Presentation of Production and Reserves Information

Under U.S. GAAP oil and gas sales are generally presented net of royalties and 
U.S. industry protocol is to present production volumes net of royalties.  
Under IFRS and Canadian industry protocol oil and gas sales and production 
volumes are presented on a gross basis before deduction of royalties.   In 
order to continue to be comparable with our Canadian peer companies, the 
summary results contained within this news release presents our production and 
BOE measures on a before royalty company interest basis.

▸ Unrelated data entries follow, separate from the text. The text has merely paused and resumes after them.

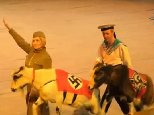 Справжнє «свято перемоги». У російському цирку мавп і козлів одягнули у форму зі свастикою
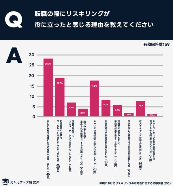 リスキリングが転職の際に役立った理由として、最も多かったのが「新しい業界や職種に対する理解が深まったため」であり、28.3%の人が回答した。
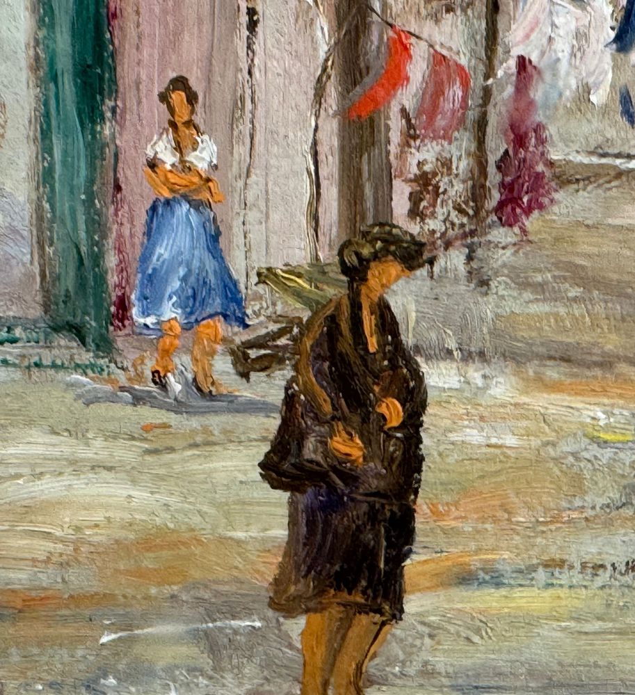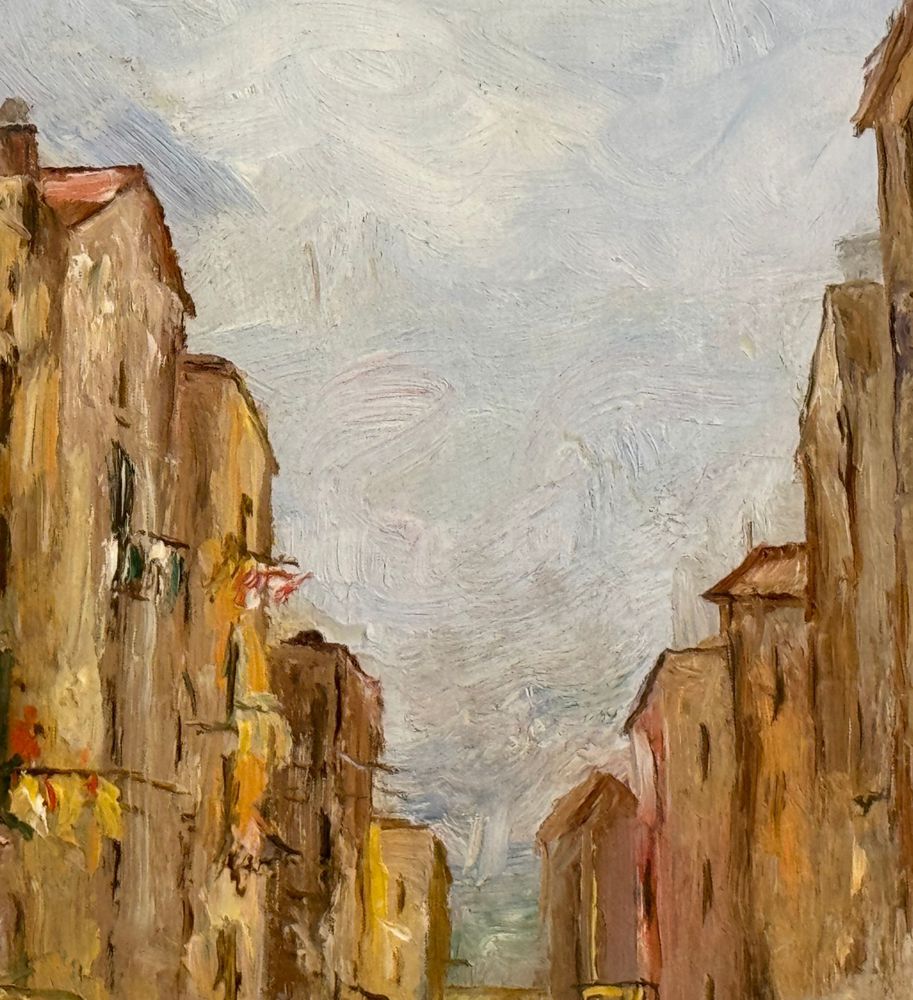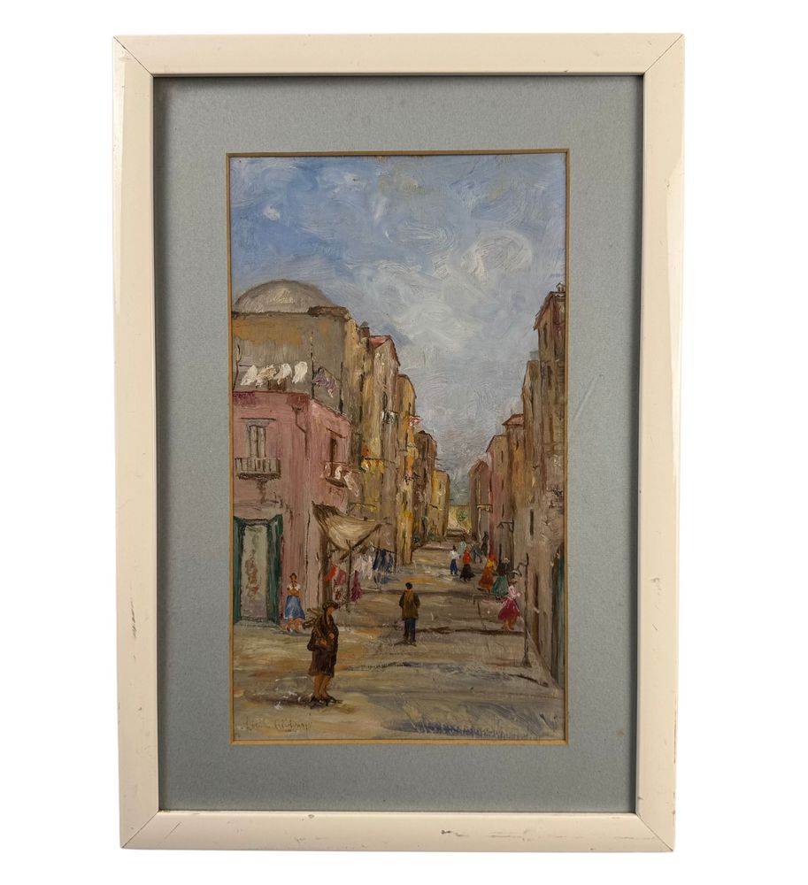Dipinto olio su tavola, periodo XX secolo scuola Italiana, raffigurante Strada con personaggi. Dimensioni compreso cornice: 34x50 cm. Dimensioni interno cornice: 22x37 cm. Reca firma in basso a sinistra da artista non identificato. Opera in buone condizioni.
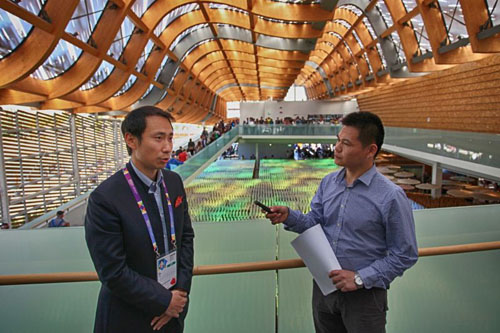米兰世博会中国馆副馆长阮炜接受人民网强国论坛记者采访。(周鹏 摄)
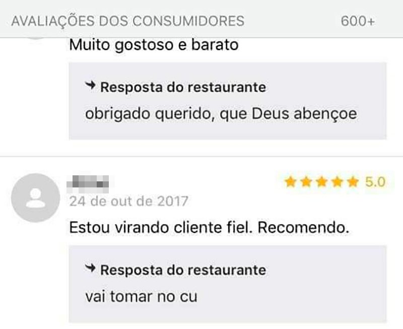 Os aplicativos de comida são muito críticos quanto às avaliações dos clientes.
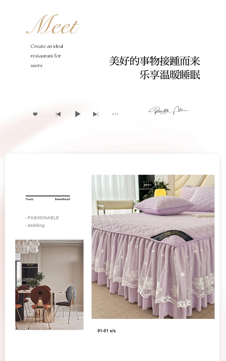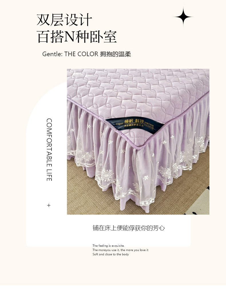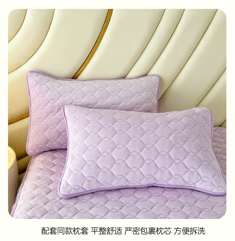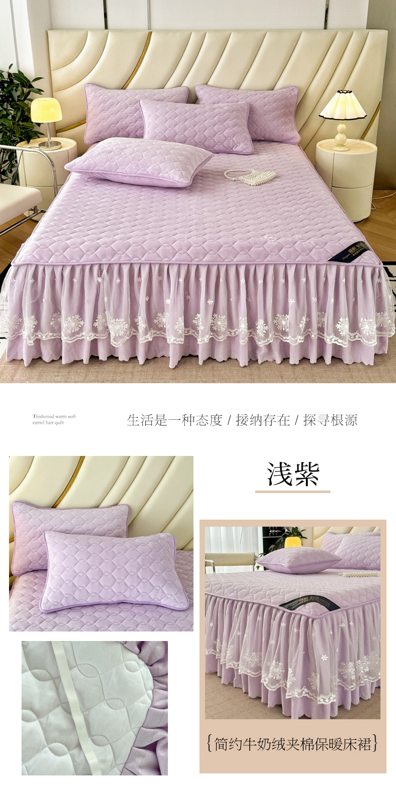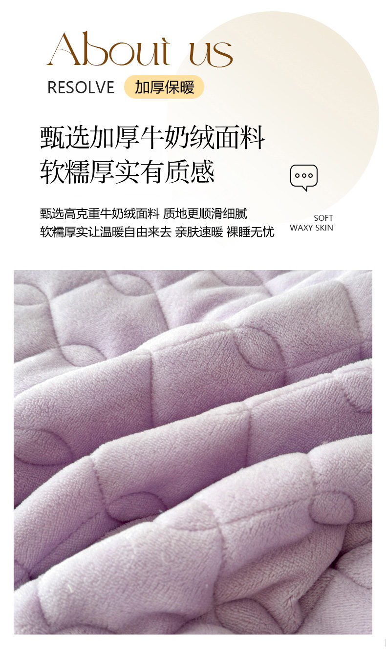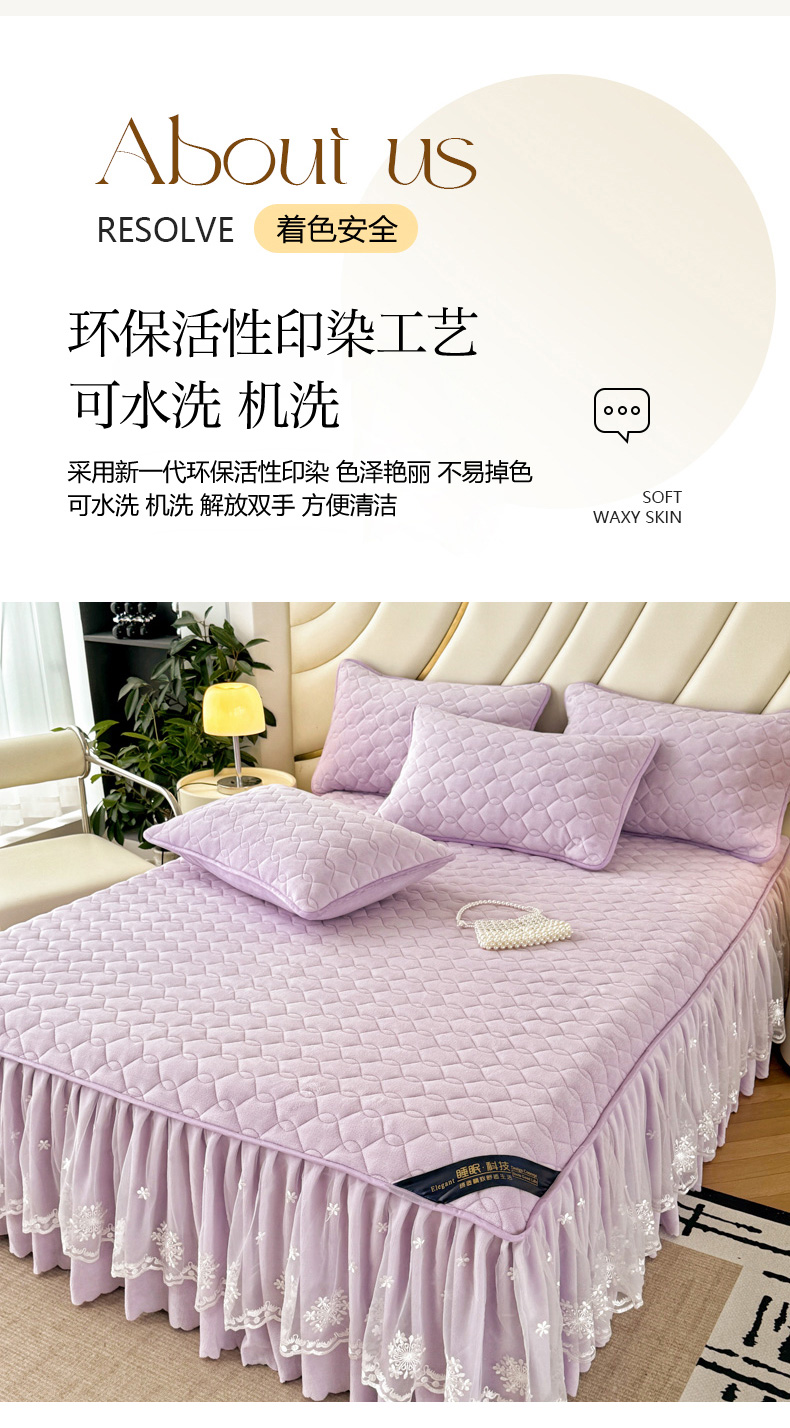 • 91家纺网 家纺一手货源 找家纺 品乐家纺 2024新款简约牛奶绒夹棉保暖床裙 浅紫

All production volumes and revenues presented herein are reported on a 
"company interest" basis, before deduction of Crown and other royalties, plus 
Enerplus' royalty interest. Unless otherwise specified, all reserves volumes 
in this news release (and all information derived therefrom) are based on 
"company interest reserves" using forecast prices and costs. "Company interest 
reserves" consist of "gross reserves" (as defined in NI 51-101), being 
Enerplus' working interest before deduction of any royalties), plus Enerplus' 
royalty interests in reserves. "Company interest reserves" are not a measure 
defined in NI 51-101 and do not have a standardized meaning under NI 51-101. 
Accordingly, our company interest reserves may not be comparable to reserves 
presented or disclosed by other issuers. Our oil and gas reserves statement 
for the year ended December 31, 2013, which will include complete disclosure 
of our oil and gas reserves and other oil and gas information in accordance 
with NI 51-101, is contained within our Annual Information Form for the year 
ended December 31, 2013 ("our AIF") which is available on our website at 
www.enerplus.com and under our SEDAR profile at www.sedar.com. Additionally, 
our AIF forms part of our Form 40-F that is filed with the U.S. Securities and 
Exchange Commission and is available on EDGAR at www.sec.gov. Readers are also 
urged to review the Management's Discussion & Analysis and financial 
statements filed on SEDAR and as part of our Form 40-F on EDGAR concurrently 
with this news release for more complete disclosure on our operations.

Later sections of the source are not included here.